Nor do I accept the idea that something mental or spiritual is the foundation of all things.  And yet, in a strange way, I am as much an idealist as a realist.  Paul Guyer and Rolf Peter Horstmann in their Stanford Encylopedia article on idealism make a point of distinguishing between idealism of this sort and epistemological idealism, which they describe in this way:   "involves a theory of the nature of our human knowledge; and various decidedly different theories are called by this name in view of one common feature, namely, the stress that they lay upon the ‘subjectivity’ of a larger or smaller portion of what pretends to be our knowledge of things."  Yet, atlough attracted to idealism, I would not say that knowledge is essentially subjective. There is, of course, a subjective aspect of all knowledge, and yet we can still speak of degrees of objectivity, and this is just based on the fact (assuming we are willing to accept it as fact) that there is a real world in which we live, and that that world is what it is independent of our thoughts about it, although of course our thoughtful representations, once made, also become an important part of that world.  Moreover, there is some truth to ontological idealism, both in terms of the existence of an emergent world of representation and interpretation and also the ideal but indescribable aspect of the world represented by the philosophy language game.  Essences are real beings, although not reducible to the realm of the sciences nor identifiable with eternal unchanging Forms.  To reject idealism of the traditional form that posits a separate metaphysical world is not the same as rejecting all ontological implications for the intuition of idealism.  My point:  interpretation and representation animate our world, and the world experienced through that animation is what is important to us, and the search for essences is one way to animate the world as was the search for gods previously.  Thus creating new mythologies, writing poetry, done in a way that is deep, and also respectful of the physical world in which we live and respectful of the way it grounds our experience (the pragmatist intuition of Dewey, I think) is the way to respond to our present crisis of spirit. Nietzsche, of course, saw this.  

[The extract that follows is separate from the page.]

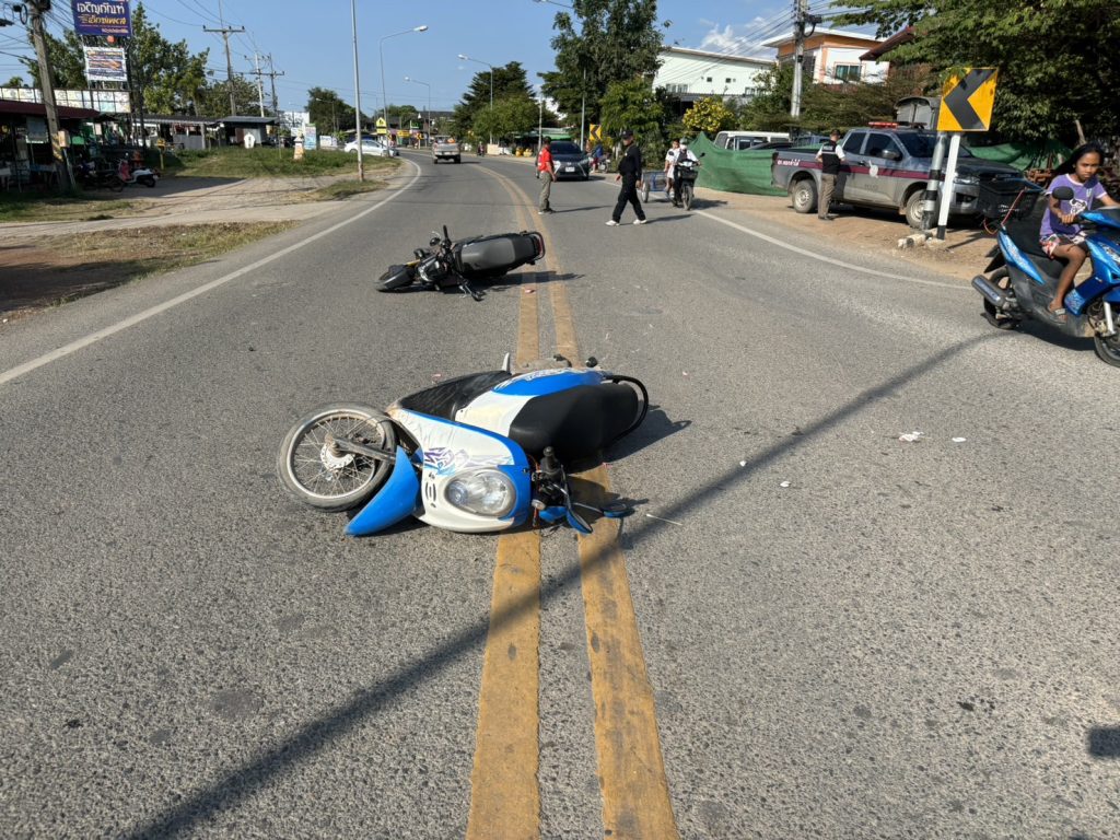 วันนี้(17 พ.ย. 68) เวลาประมาณ 15.00 น. ร.ต.อ.องอาจ หาที รอง สว.(สอบสวน) สภ.ดอกคำใต้ ได้รับแจ้งเหตุรถจักรยานยนต์เฉี่ยวชนกัน มีผู้ได้รับบาดเจ็บที่บริเวณแยกทางเข้าวัดพระธาตุจอมศีล ถนนดอกคำใต้ – เชียงม่วน หมู่ 1 ต.บ้านถ้ำ อ.ดอกคำใต้ จ.พะเยา จึงเดินทางไปตรวจที่เกิดเหตุ ถ่ายภาพที่เกิดเหตุ บันทึกการตรวจที่เกิดเหตุ ทำแผนที่สังเขปเอาไว้ นำรถทั้งสองคันมาเก็บไว้ที่ สภ. ลงบันทึกประจำวันรับคำร้องทุกข์ไว้ จะได้ทำการสอบสวนต่อไป
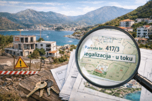 Участок у моря с градостроительными условиями 50 метров от моря в Прчани, Котор

Guyer and Horstmann say "An inclination toward idealism might even arise from considerations pertaining to the ontological status of aesthetic values (is beauty an objective attribute of objects?) or from the inability or the unwillingness to think of the constitution of social and cultural phenomena like society or religion in terms of physical theory." and this seems to describe my attitude or the reason why I would consider idealism as having equal status to realism as long as restrained to include only the world as represented through language and art.  Physical theory is not and can never be sufficient for explaining social and cultural phenomena since these all involve many levels of interpretation and are complex evolving entities that are, as Joseph Margolis would put it, emergent upon but not reducible to physical phenomena.